Interview With Author Erin Bartels

Please introduce yourself and your book(s)!

I’m Erin Bartels, the author of the novels We Hope for Better Things and The Words between Us, as well as a collection of short stories called This Elegant Ruin.

What is/are the real-life story(ies) behind your book(s)?

My first book, We Hope for Better Things includes real historical events, such as the Civil War and the Detroit Riot of 1967, but neither the plot nor the characters are based on anyone real. My second, The Words between Us, has no basis in reality. 🙂

What inspires/inspired your creativity?

I am always interested in the connections between things–people, events, environment, past, present. I collect bits of input from every part of life–my own memories and insecurities and questions, news stories, moments in time that I witness, the landscape around me, song lyrics, poetry, etc.–and eventually some of those things form connections in my mind, like atoms bonding into molecules. And eventually, a story emerges.

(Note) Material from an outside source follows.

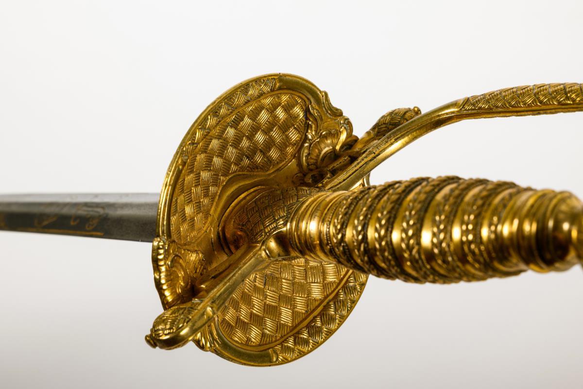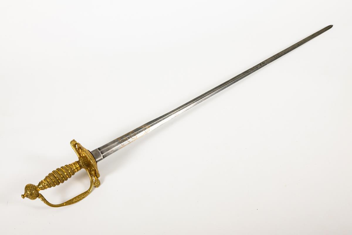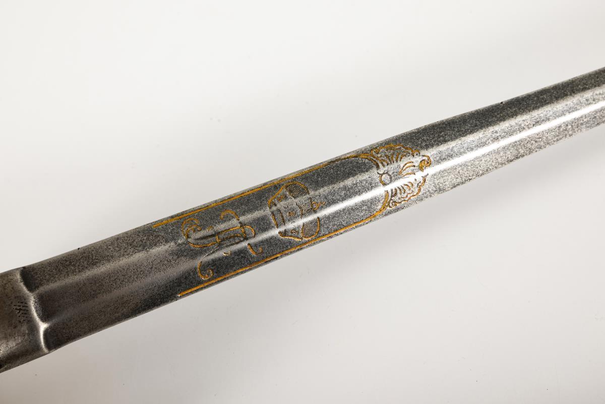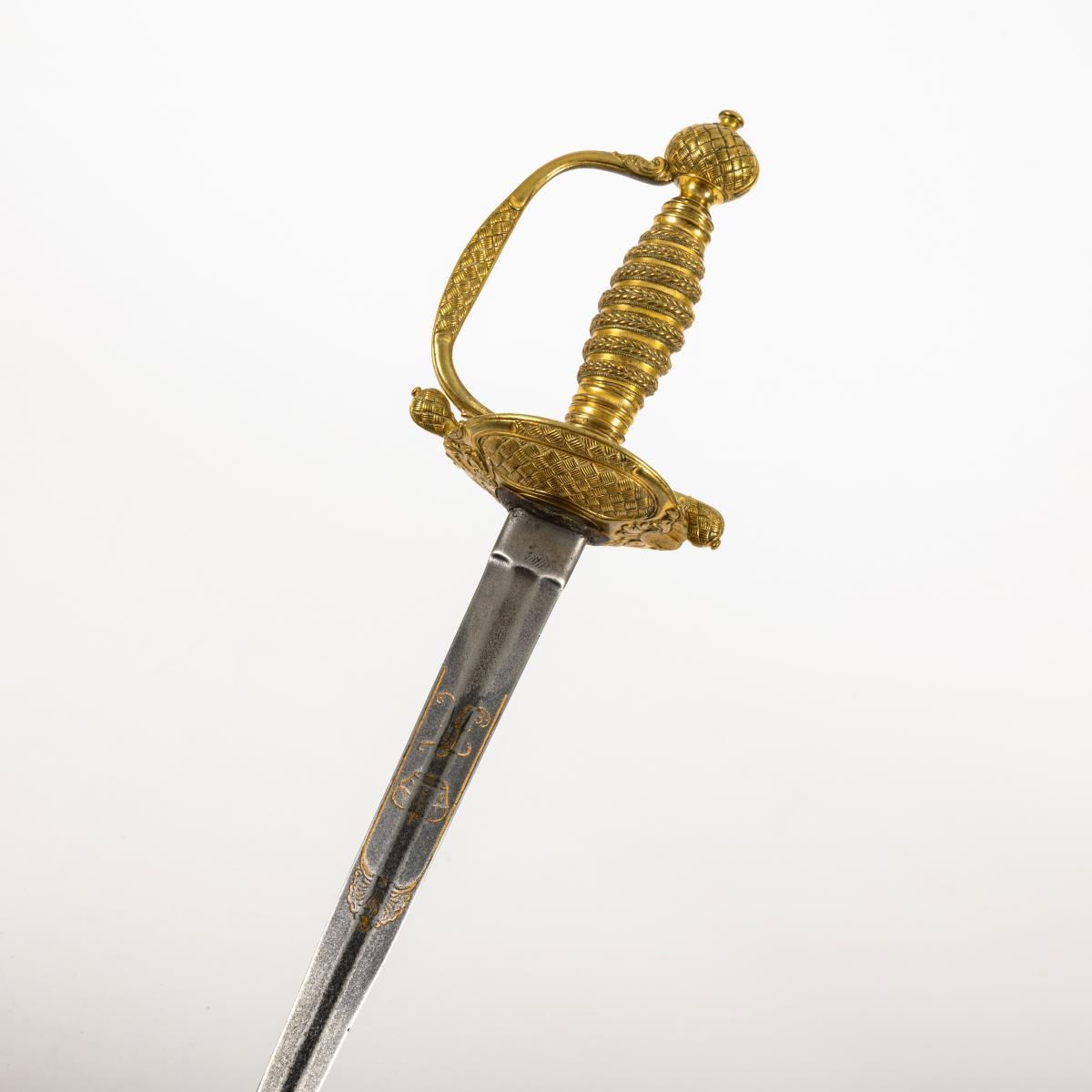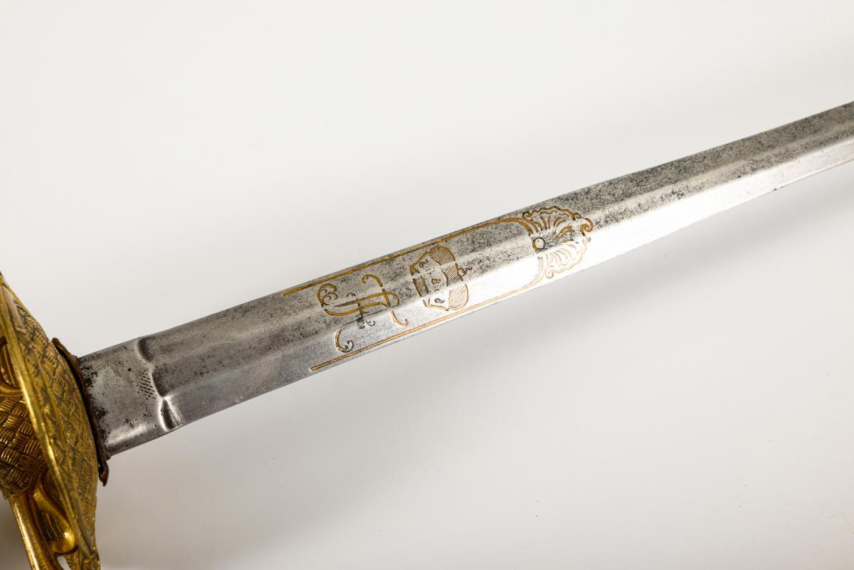 Gerade zweischneidige Klinge mit sechskantigem Querschnitt. Graviertes und vergoldetes Monogramm "FA" mit Kurhut auf beiden Seiten. Tellerartiges Stichblatt. Dieses sowie Kugelknauf, Parierstangenenden und Bügel mit reliefiertem Flechtmuster. Gegossener Griff mit imitierter Wicklung.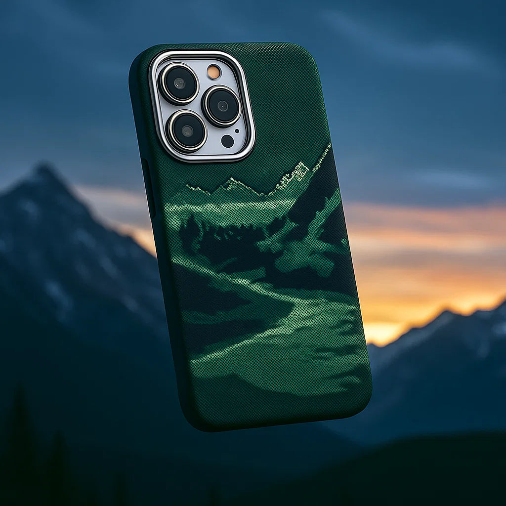 Designed with a textured non-slip grip and alloy bumper to shield your camera, our Summit Ridge case combines a striking alpine scenery with every day durability.  MagSafe-ready to keep your device charged and ready for any adventure.

How do you deal with creative block?

I find that blocks tend to come for me when I’ve been working too hard for too long and the well is dry. Then I have to take time away from the computer and refill by reconnecting with nature, working in the garden, getting my house back into order, taking a little day trip, painting, or working on some other form of writing, like poetry. Time and patience are the keys for me, and trusting that the muse will return as she always does.

Do you have tips on choosing titles and covers?

When it comes to novel titles, it really just has to be something that is easy to remember and easy to say out loud so people can look it up, ask a bookseller about it, or recommend it to a friend. And get a bit of tension in there if you can. Also, don’t go too far afield from something that fits your genre. You don’t want to title or cover something like suspense when it’s a cozy mystery. You probably don’t want your literary novel to have a sexy couple kissing on the front. Yes, you want to stand out, but don’t be too different or your audience won’t find you. And if you are going the indie or self-publishing route please spend the money to pay for a professional designer. Your cover is the most important part of your book when it comes to selling it.

How do bad reviews and negative feedback affect you and how do you deal with them?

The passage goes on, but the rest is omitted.